As at the time of sentencing in June 2023 the Applicant was already well advanced on the road to rehabilitation, with her efforts outlined by the Sentencing Judge.[10] Critically, the Applicant separated from her ex-husband in July 2022 and was working 5 days per week.[11] Understandably the Sentencing Judge stated that it was difficult to assess the Applicant’s prospects for rehabilitation as at June 203 but importantly stated the circumstances of the Twins offending “were particular to the relationships [with ex-husband] at that time and your circumstances [struggling to bring up so many children] at that time”.[12]
[10] See Exhibit R1, 55-56 [97]-[102].
[11] See Exhibit R1, 57 [107]-[113].
[12] Exhibit R1, 57 [114].
As observed by the Sentencing Judge the Applicant had a history of low mood in relation to feeling overwhelmed meeting the needs of her many children and feeling unsupported by her children but that as of June 2023 the Applicant was making attempts to minimise her offending in respect of the Twins. Ms Fleming assessed the Applicant as being a low risk of recidivism. Whilst the Sentencing Judge observed that the Applicant’s “learnings otherwise are very much (as at June 2023 pre-incarceration) in their infancy” it is apparent that such learnings have advanced whilst the Applicant has been in prison and that the deterrent effect of imprisonment has been effective upon the Applicant.

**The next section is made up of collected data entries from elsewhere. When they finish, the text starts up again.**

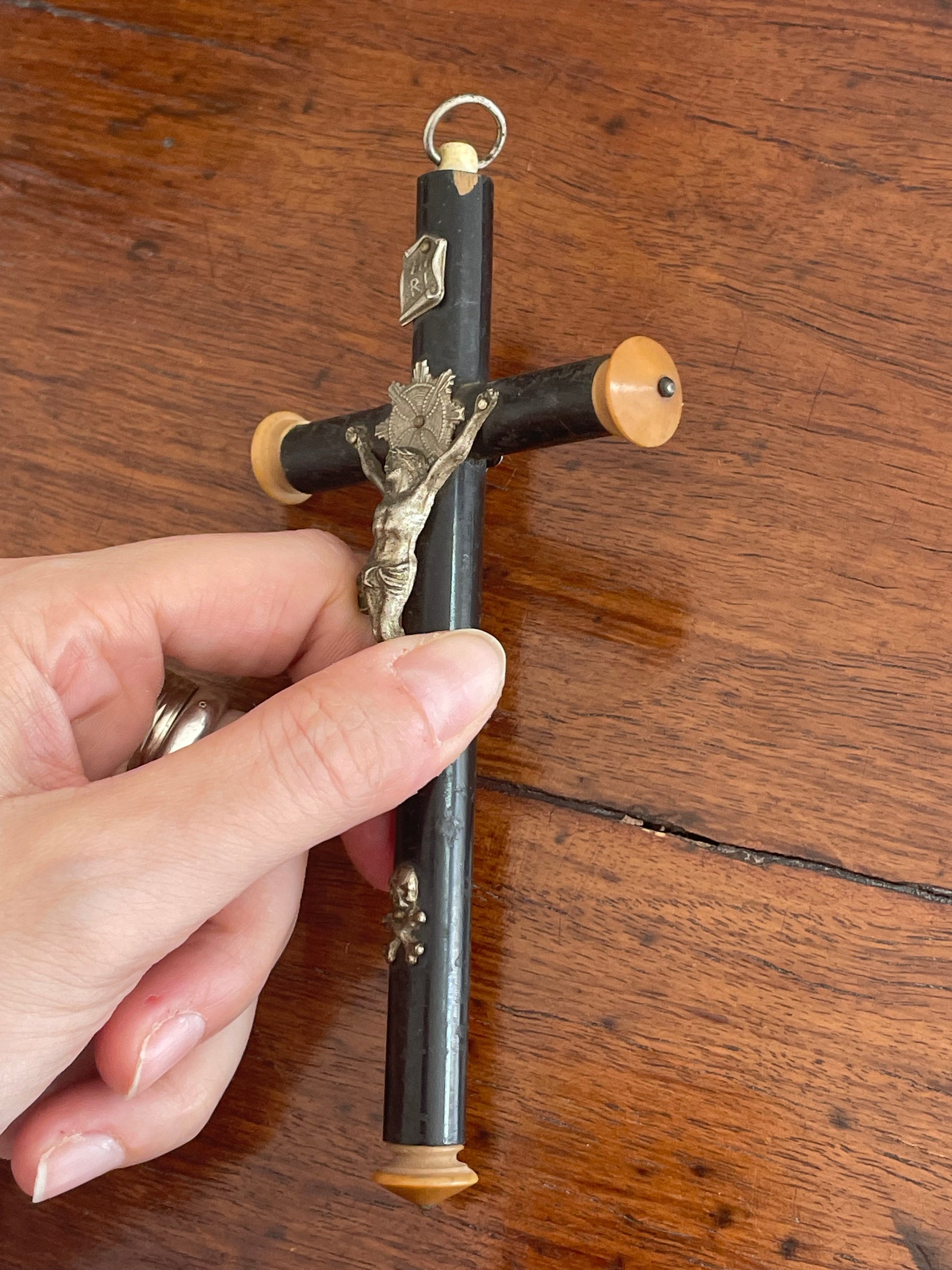 Era fatta per essere portata. Per scivolare tra le dita, scaldarsi al contatto della pelle, riposare sotto la stoffa di un abito scuro. Questa croce ha viaggiato, stretta nel pugno di chi, forse, trovava conforto nel suo peso discreto, nella solidità del legno ebanizzato, nell’argento consumato dal tempo. L’oro del sole raggiante intorno al capo del Cristo sembra ancora vibrare alla luce, un’eco lontana di quella speranza che illuminava le notti di chi la stringeva. Il piccolo teschio inciso sul fusto, muto ammonimento del tempo che fugge, è lì a ricordare la caducità della vita e la promessa di una rinascita. I suoi terminali in osso raccontano di una cura particolare, di un manufatto scelto con attenzione, non solo per la sua funzione, ma per il suo valore simbolico. La fede non è solo un sentimento: è un oggetto che si consuma tra le mani, un metallo che si ossida al respiro, un legno che si leviga sotto il tocco costante. Chi la stringeva trovava in essa una compagnia silenziosa, un piccolo frammento d’eternità nel palmo della mano. E oggi, dopo più di un secolo, questa croce porta con sé la memoria di quelle vite, delle parole sussurrate e delle speranze custodite nel segreto della devozione. Dimensioni: cm 14 x 8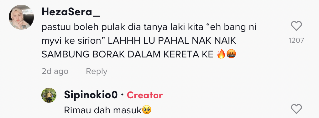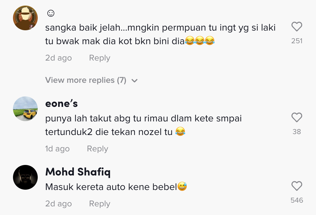 "Masuk kereta auto kena bebel haha" – Netizen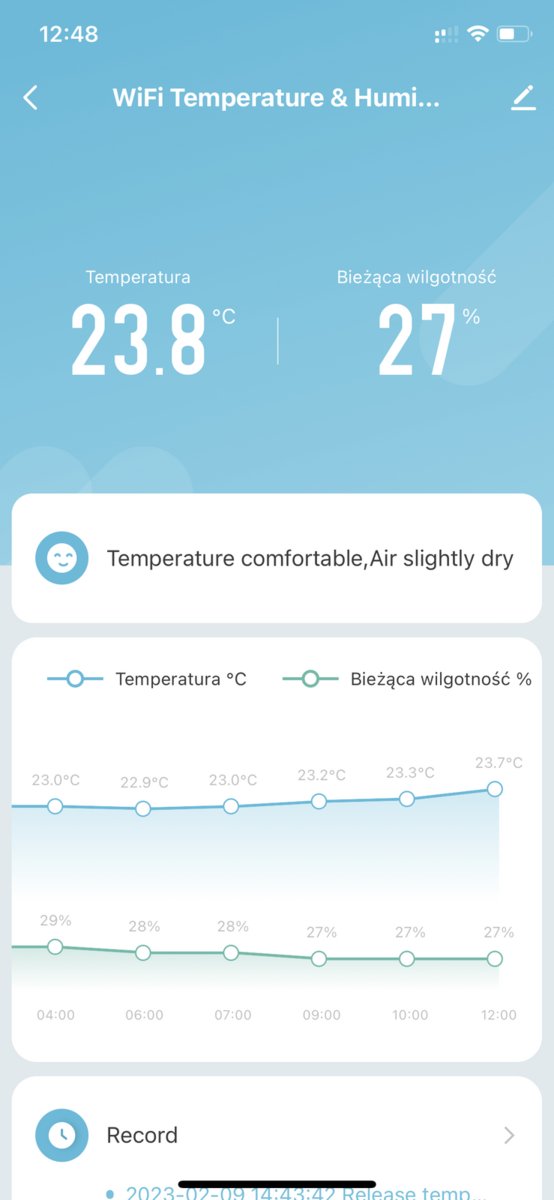 - Łączność WIFI - nie potrzebujesz dodatkowych bramek, wystarczy dostęp do WIFI i TEN CZUJNIK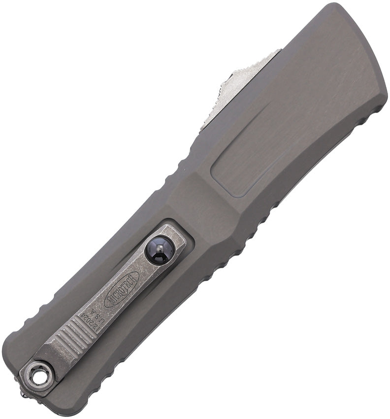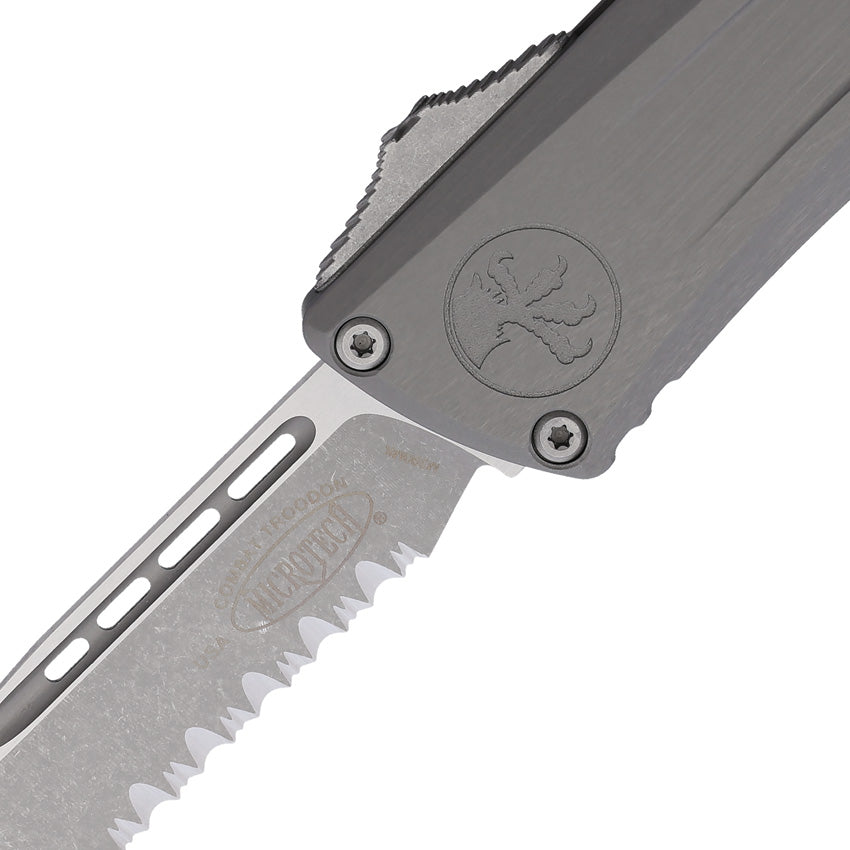 Microtech Automatic Combat Troodon Gen III OTF Knife Natural Clear Gray Aluminum Apocalyptic Serrated Blade 114311APNC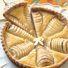 - Spread almond filling evenly in crust. Stem pears and cut each in half lengthwise; scoop out cores. Cut each half crosswise into thin slices. Gently press each pear half to fan slices but keep slices tightly overlapped. Slide spatula under pears and arrange atop filling like spokes of wheel with narrow ends in center.

Whilst there may have been some wrinkles in the Applicant’s testimony, overall, with both questioning by the Tribunal and cross-examination the Tribunal is satisfied that the Applicant is not only genuinely remorseful but that she now has insight into the grave nature of the offending and its impact. It is apparent on the evidence that during the time of the Twins offending, in particular, the Applicant was in a very ‘dark place’, struggling to bring up a very large number of children with a non-supportive drunk violent now ex-husband.
The Applicant’s difficulties in this regard were compounded by the fact that her sister SF moved far away from the Applicant and was not as easily available to provide support to the Applicant, that the Applicant was reluctant to ask for because of the distance and the fact that her sister had children of her own and their sick mother to look after. In an unfortunate sense, the Applicant was caught in an internal ‘perfect storm’ during this period. The Applicant was self-medicating through alcohol abuse for at least some of the time during the offending period but probably not by the time of intentionally causing injury to the Twins on 6 November 2020. The Applicant has not had a drink since at some point during this period, her last drink being as she recalls it a red label whisky and orange juice.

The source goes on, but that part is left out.